# Black 'boxes' appearing.



## Airframes (Apr 21, 2018)

Yesterday and this evening, I've been getting black 'boxes' appearing, at random, on different areas of some pages. Some of these are square, and some long, rectangular boxes. They look like the format used for Ads, but are completely blank, except for one, which eventually changed to show an ad for a game.
Any ideas ?


----------



## Wurger (Apr 21, 2018)

It is very likely something there has to be updated. It seems that servers are updated firstly then users' computers. The ACP pannel doesn't report any problem with it. So IMHO that's the updating of the user's soft. But please let me know if it become getting more frequently.

Reactions: Like Like:
1 | Like List reactions


----------



## Airframes (Apr 21, 2018)

Ok, thanks my friend.


----------



## swampyankee (Apr 21, 2018)

One possibility is that the ads require Flash; some browsers will turn off Flash when they update. Flash and Java are notorious for being security holes.


----------



## Wurger (Apr 21, 2018)

Yes that's true. Recently I have seen the Java updates coming but because it was without the certificate the Java updater rejected the file.


----------



## Lucky13 (Apr 23, 2018)

Terry and Flash mentioned in the same thread, is never a good thing....
.
.
.
.
.
.
.
Should I leave?

Reactions: Funny Funny:
1 | Like List reactions


----------



## Airframes (Apr 23, 2018)

Yes !


----------



## horseUSA (Apr 24, 2018)

Next time you see issue can you take a screenshot and post?
Take a screenshot in Windows XP
There are only two ways to take a screenshot in Windows XP. A tap of the Print Screen button will copy an image of your entire screen. This image must then be pasted (this can be done by pressing the Control and V keys at the same time) in a program like Paint, at which point you will also be able to save the image.
The other option is to capture a specific window. You can do this by pressing the Alt and Print Screen keys at the same time. You will, once again, have to open Paint, paste the image, and Save it.

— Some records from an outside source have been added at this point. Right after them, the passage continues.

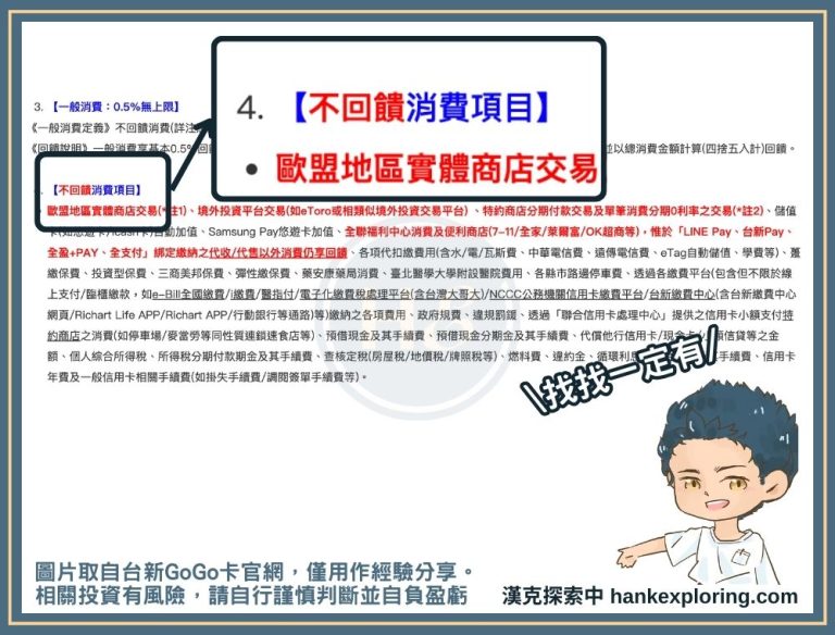 為了避免有人透過投資平台刷卡嚕回饋,或是造成錯誤的投資觀念,因此舉凡境外投資平台交易(如幣安交易所、eToro等)、基金交易及其手續費等,都不會有刷卡回饋。
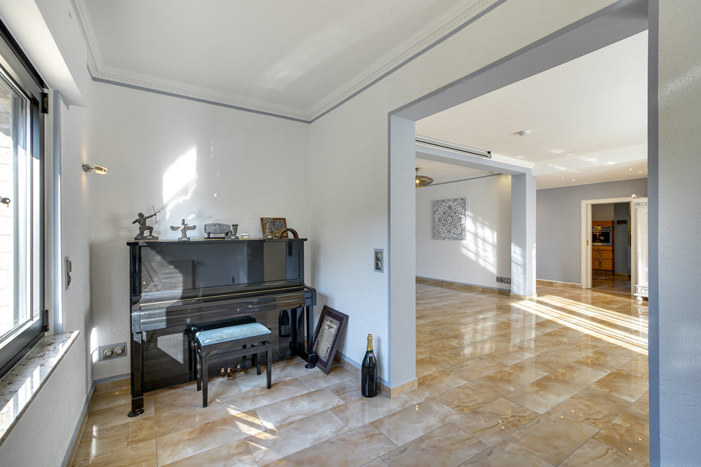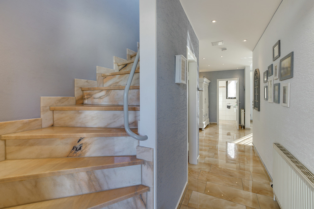 Zurück Richtung Eingangsbereich, vorbei an dem Gäste-WC, gelangen Sie über das großzügige, ebenfalls im Mamorboden ausgestattete, Treppenhaus auf die erste Etage.
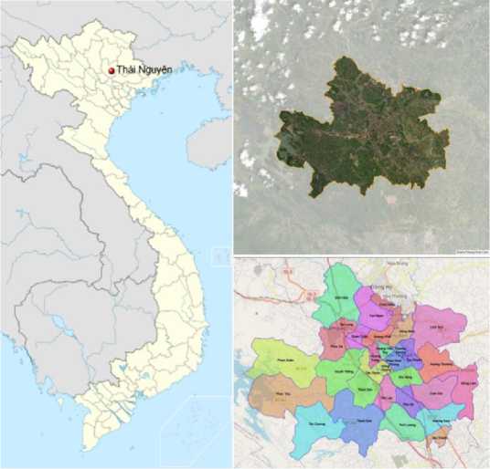 Город Тхайнгуен – административный, экономический и культурный центр одноименной провинции, расположен в северо-восточном среднегорном и горном регионе Вьетнама, примерно в 75 км к северу от столицы Ханой по трассе №3 (рис. 1). Географические координаты города находятся в диапазоне от 21°25' до 21°45' северной широты и от 105°45' до 106°00' восточной долготы. Город граничит:
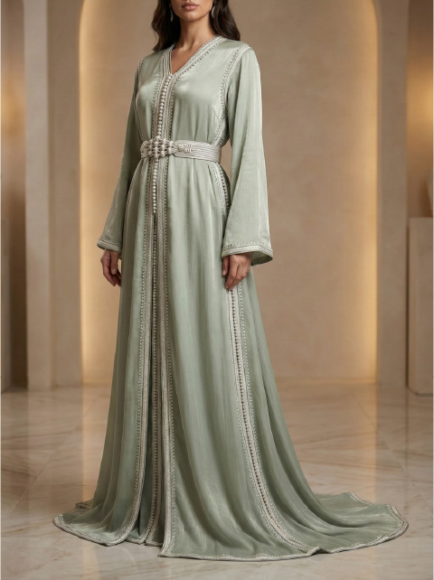 Pastelgroene kaftan uitgevoerd in zijde organza.
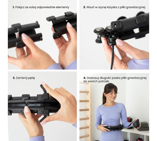Розкриваємо петлю за допомогою магнітних затискачів. Потім, щоб з'єднати наступні елементи, вставте один елемент в інший так, щоб виступи помістилися у відповідні отвори. Зменшуючи елементи, візьміть відповідний елемент однією рукою та стисніть, щоб видалити виступи з отворів. Потім вставте гравітаційну рейку в петлю, закрийте затискачі магнітом, відрегулюйте довжину ремінця і все. Крім того, завдяки компактним розмірам його легко носити з собою, ви можете брати з собою всюди.
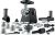 1 x assistance de remplissage, 1 x plateau de remplissage, 1 x presse-baies, 1 x filière à pâtisserie, 1 x poussoir, 1 x filière à saucisses, 1 x presse-agrumes
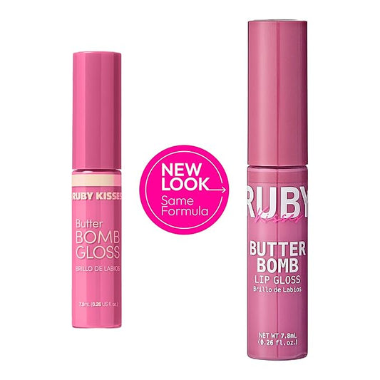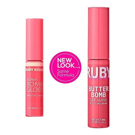 Ruby Kisses Lip Gloss Butter Bomb Gloss Non-Sticky Lip Gloss Vitamin E Natural Nude Lip Makeup - 7.8mL (0.26 US fl.oz) (Bubble Pop)
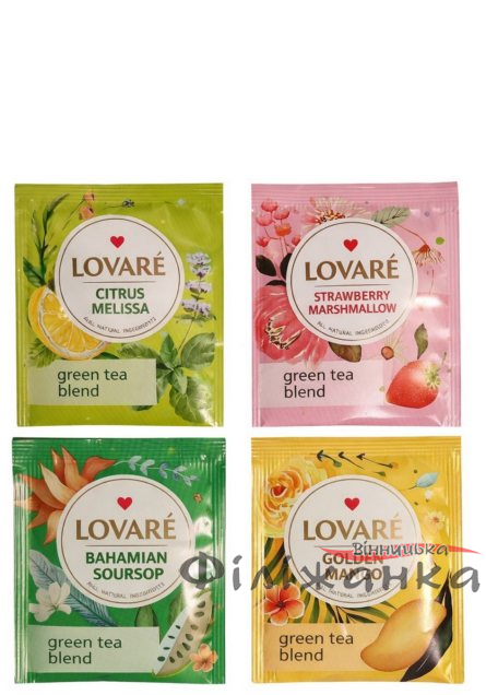 Відкрийте для себе колекцію освіжаючих смаків з чаєм Lovare Green Assorted. Це вишукане зелене асорті у зручних пакетиках створене для тих, хто цінує різноманітність та високу якість у кожній чашці.
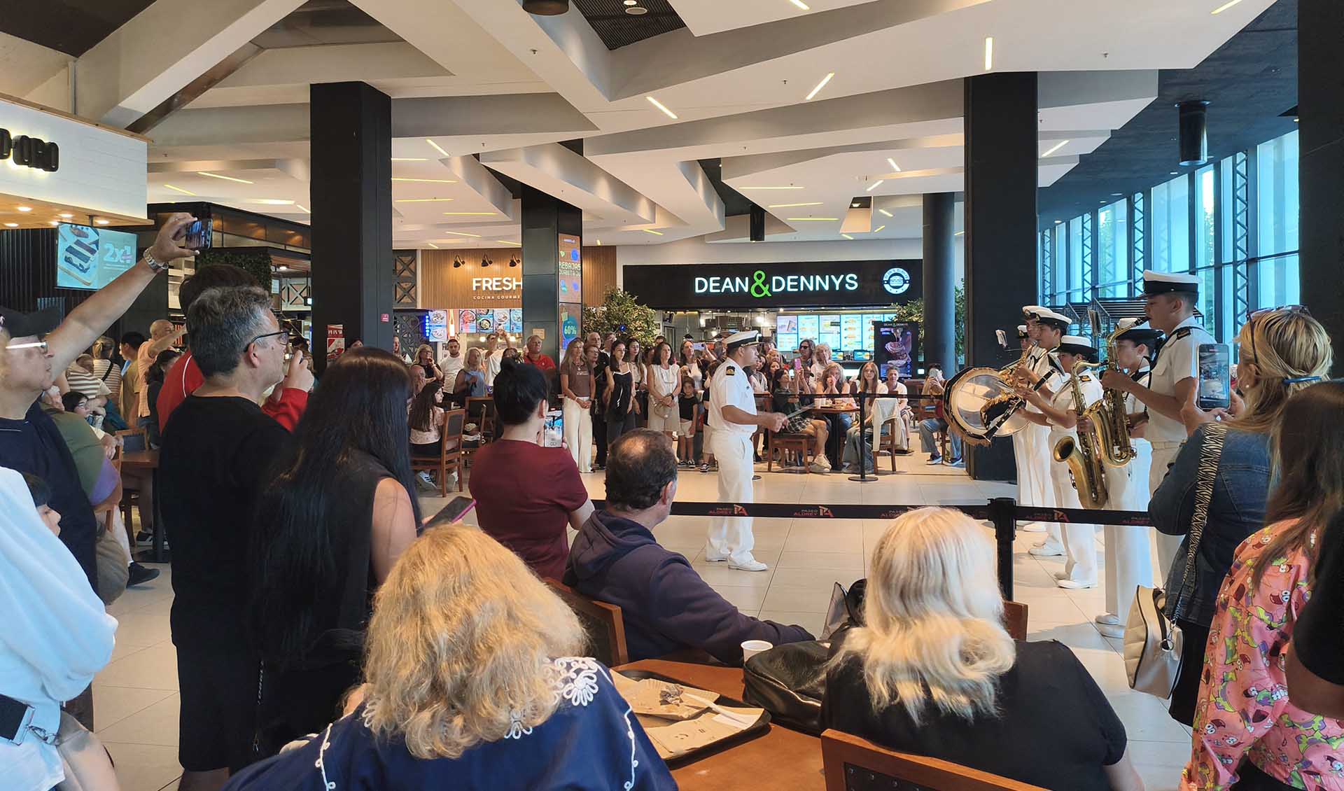 La presentación comenzó en el Patio de Comidas y luego los músicos navales se trasladaron a Planta Baja, donde nuevamente desfilaron hacia el hall de entrada. Allí, a cargo del Director de Banda, Teniente de Fragata Marcos Vicente Exequiel Rodríguez, continuaron ejecutando su repertorio de marchas militares y música popular con instrumentos de viento-metal, viento-madera y percusión.
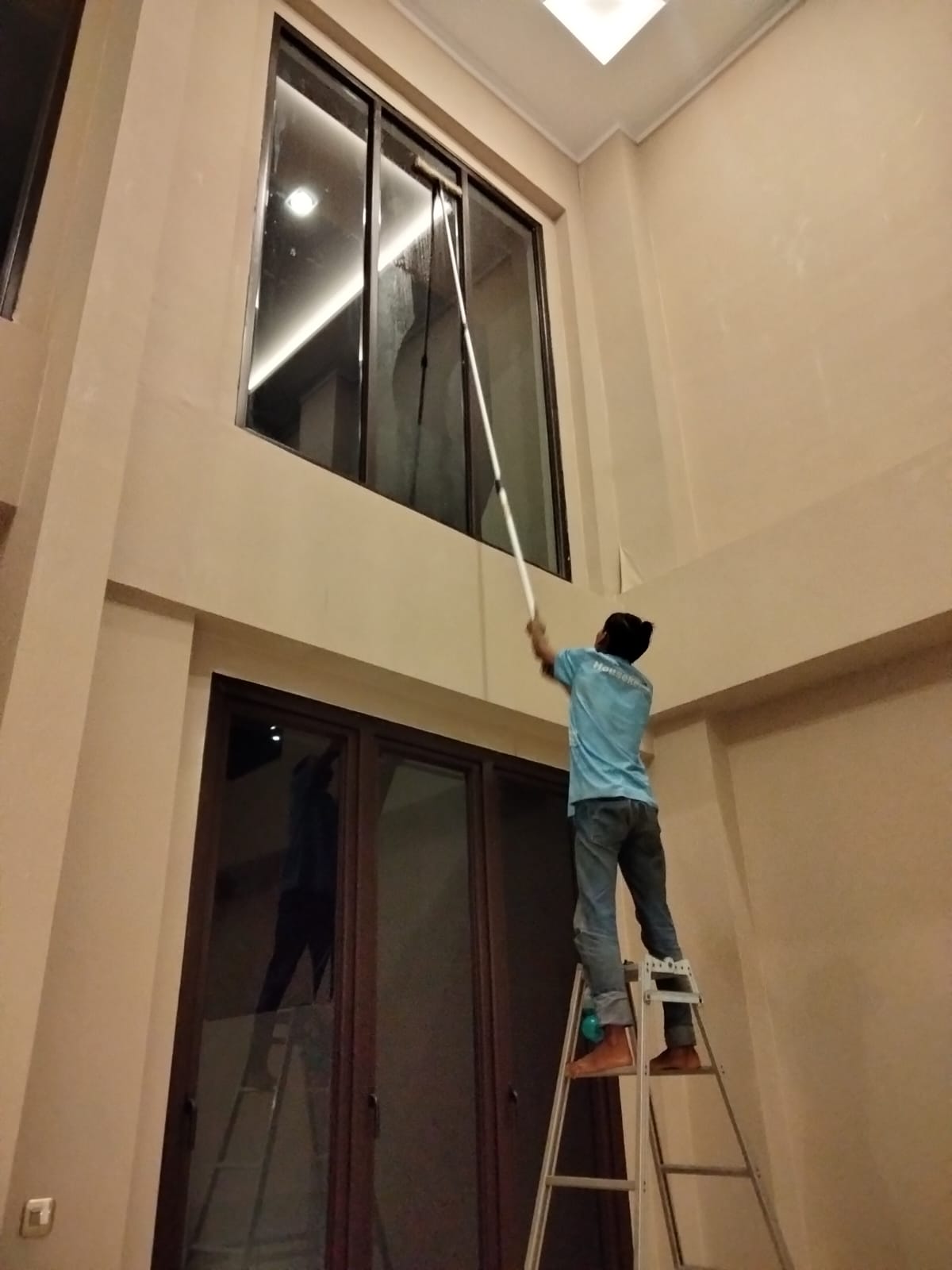 Setelah proses renovasi atau pembangunan, kami memberikan layanan pembersihan menyeluruh dari sisa debu, semen, cat, dan material lainnya. Lantai, dinding, plafon, kaca, hingga furnitur akan dibersihkan hingga siap
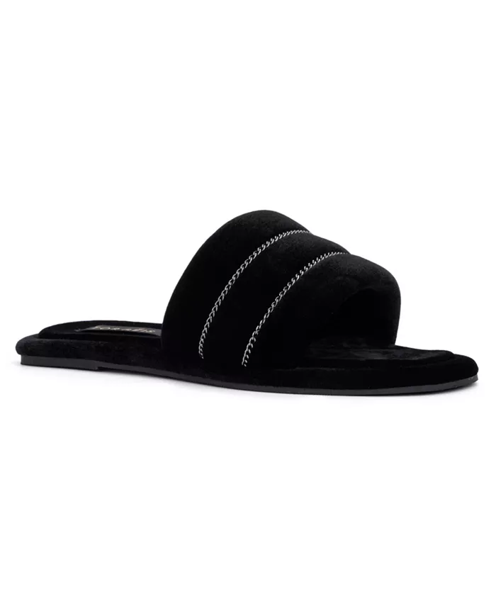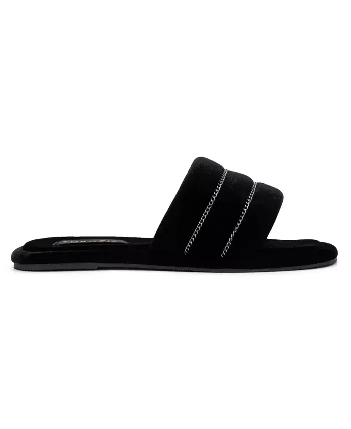 Легкая элегантность в тапочках Georgina. Широкий ремешок на носке с полосатой цепочкой для необычного края. Мягкая, пушистая ткань с прочной резиновой подошвой и соответствующей мягкой подкладкой для комфорта на коже.
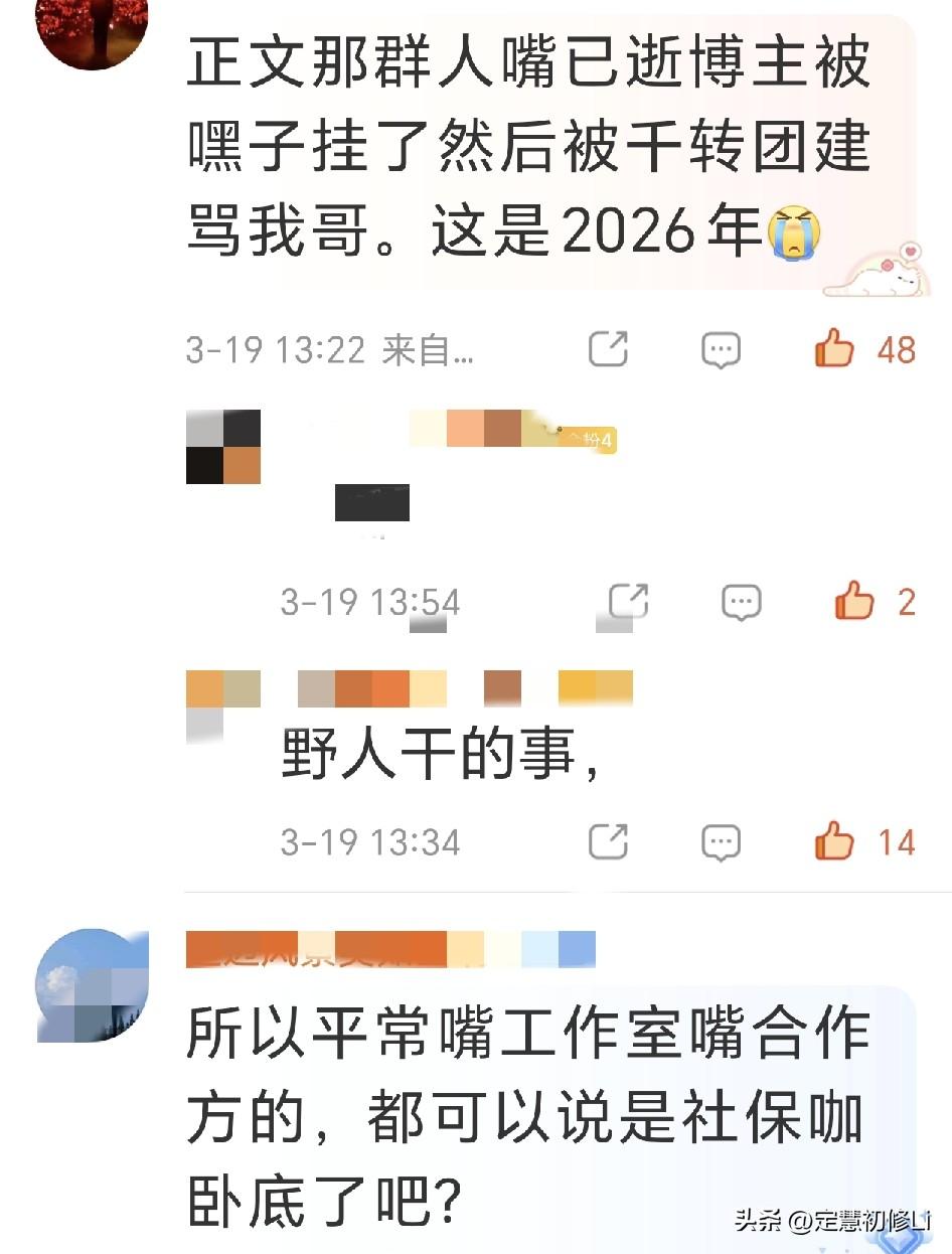 原来狙工作室和合作方的都是领工资的王一博的职业粉丝,被发现后换上肖战头像被黑子千转辱骂,太可恨了,以后遇到给狙工作室和剧方合作方的,只管拉黑投诉,不会有一个错杀
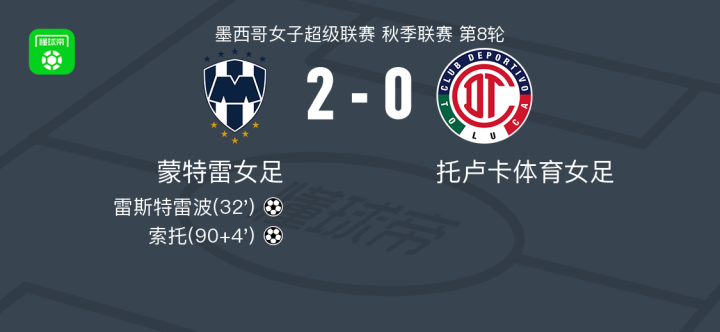 蒙特雷女足2-0托卢卡体育女足取墨女超3连胜,雷斯特雷波建功,索托锦上添花
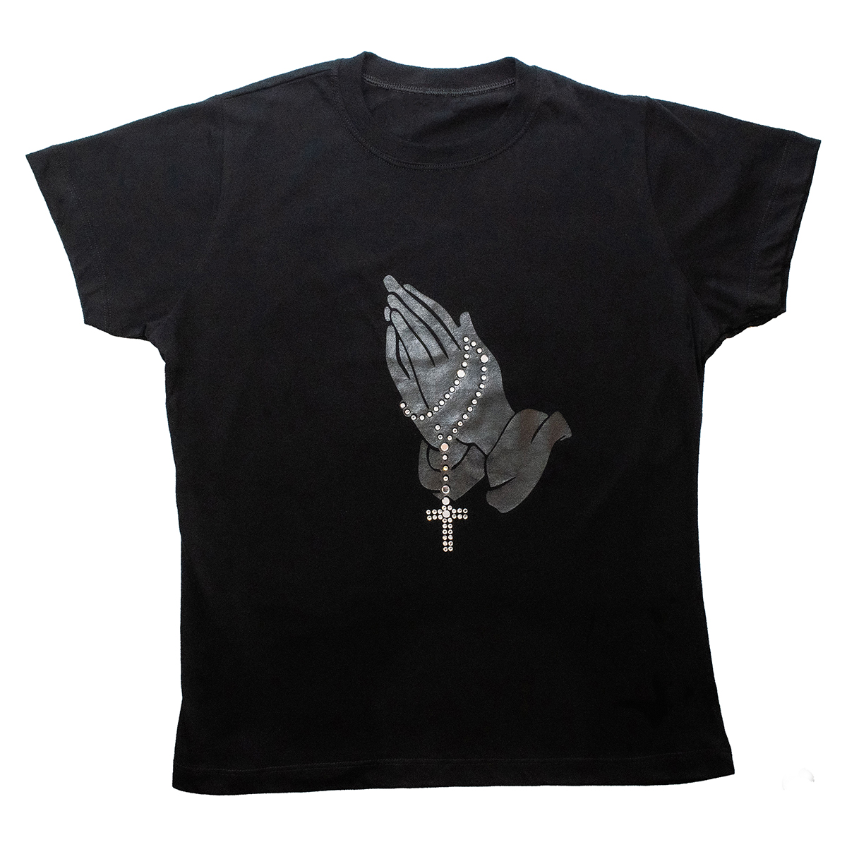 A estampa de terço combina strass termocolante premium (brilho AAA), detalhes metalizados e impressão digital, criando um visual luminoso, impactante e resistente. Cada pedra é aplicada individualmente com calor, formando um acabamento impecável e sofisticado, ideal para moda cristã, evangélica e católica.
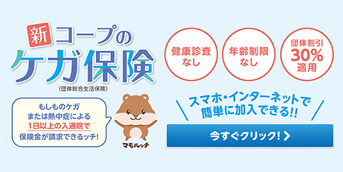 新コープのケガ保険です。全国の生協組合員の団体契約だから、保険料が割安です。
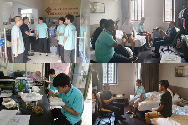 7月22日晚,张程一行又专门来到实践团学生住宿地,看望同学们的住宿情况,又与同学们进行了亲切交流,细致询问同学们身体状况、用餐情况等,特别强调同学们进行田间实践时一定要注意防暑、注意安全,谨记安全第一。张程强调,“行百里者半九十”,他要求同学们在接下来的实践中绝不能思想松懈,任务完成快的、质量完成高的要主动带带任务完成稍微迟滞的同学,大家团结协作,切实推动实践任务高质量完成。
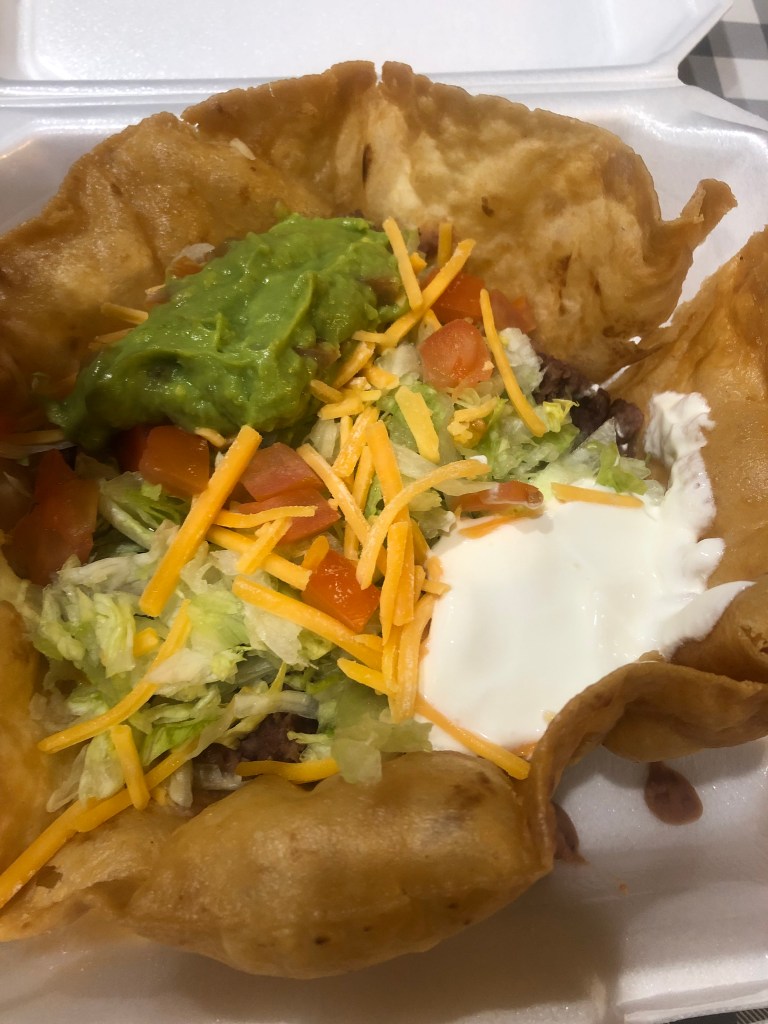 I ordered the taco salad and wowser! So good and definitely ample portions–no skimping and one definitely could share it, unless they are little piggies like me!

On a majority of keyboards, the Print Screen key can be found in the upper-right corner. It will likely be labeled as either PrtScn or PrtSc.

Take a screenshot in Windows Vista and Windows 7
In addition to the two Print Screen methods detailed above, Windows Vista and Windows 7 users can also utilize the Snipping Tool. This feature is available on all versions of Windows, with the exception of Starter and Basic editions, and Windows XP.

To open the program, click the Start button, select All Programs, followed by Accessories, and select the Snipping tool from the list. The Snipping tool lets you take a screenshot of a specific area of the screen (similar to the OS X command with the Command, Shift, and number 4 keys). Open the program, click New, select the area of the screen you would like to capture, and then click Save.

Take a screenshot in Windows 10 and Windows 8
Users with a Windows 10 or Windows 8 machine have the added ability to take screenshots that automatically save to a special folder. Pressing both the Windows and Print Screen key at the same time will capture the entire screen. This image will automatically be saved to a Screenshot folder inside of the Pictures library.

The Print Screen methods from Windows XP and the Snipping tool can also be utilized in Windows 10 and Windows 8. You can search for the Snipping Tool on the Start screen in Windows 8 or in the search field next to the Start button in Windows 10.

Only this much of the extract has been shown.